Rad51 Degradation: Role in Oncolytic Virus-Poly(ADP-Ribose) Polymerase Inhibitor Combination Therapy in Glioblastoma.[Pubmed:28376211]
J Natl Cancer Inst. 2017 Mar 1;109(3):1-13.
Background: Clinical success of poly(ADP-ribose) polymerase inhibitors (PARP i ) has been limited to repair-deficient cancers and by resistance. Oncolytic herpes simplex viruses (oHSVs) selectively kill cancer cells, irrespective of mutation, and manipulate DNA damage responses (DDR).
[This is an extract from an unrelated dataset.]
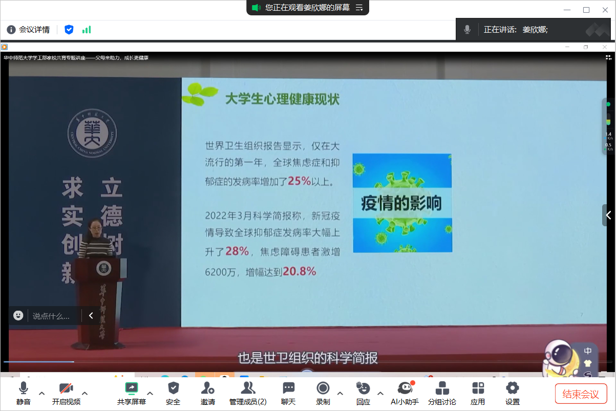 会上,辅导员岳峥嵘介绍了学院2024级本科生的整体情况,通过一系列校园学习生活场景向家长展示学生入学百天来的大学生活。辅导员彭怡婷介绍了关注大学生心理健康问题的重要性,组织与会家长共同观看了由学校大学生心理健康教育中心的于丽霞老师主讲的“父母来助力,成长更健康”专题讲座视频。

Here, we explore potential synthetic lethal-like interactions between oHSV and PARP i . Methods: The efficacy of combining PARP i , oHSV MG18L, and G47Delta in killing patient-derived glioblastoma stem cells (GSCs) was assessed using cell viability assays and Chou-Talalay synergy analysis. Effects on DDR pathways, apoptosis, and cell cycle after manipulation with pharmacological inhibitors and lentivirus-mediated knockdown or overexpression were examined by immunoblotting and FACS. In vivo efficacy was evaluated in two GSC-derived orthotopic xenograft models (n = 7-8 per group). All statistical tests were two-sided. Results: GSCs are differentially sensitive to PARP i despite uniform inhibition of PARP activity. oHSV sensitized GSCs to PARP i , irrespective of their PARP i sensitivity through selective proteasomal degradation of key DDR proteins; Rad51, mediating the combination effects; and Chk1. Rad51 degradation required HSV DNA replication. This synthetic lethal-like interaction increased DNA damage, apoptosis, and cell death in vitro and in vivo. Combined treatment of mice bearing PARP i -sensitive or -resistant GSC-derived brain tumors greatly extended median survival compared to either agent alone (vs olaparib: P =.001; vs MG18L: P = .005; median survival for sensitive of 83 [95% CI = 77 to 86], 94 [95% CI = 75 to 107], 102 [95% CI = 85 to 110], and 131 [95% CI = 108 to 170] days and for resistant of 54 [95% CI = 52 to 58], 56 [95% CI = 52 to 61], 62 [95% CI = 56 to 72], and 75 [95% CI = 64 to 90] days for mock, PARPi, oHSV, and combination, respectively). Conclusions: The unique oHSV property to target multiple components of DDR generates cancer selective sensitivity to PARP i . This combination of oHSV with PARP i is a new anticancer strategy that overcomes the clinical barriers of PARP i resistance and DNA repair proficiency and is applicable not only to glioblastoma, an invariably lethal tumor, but also to other tumor types.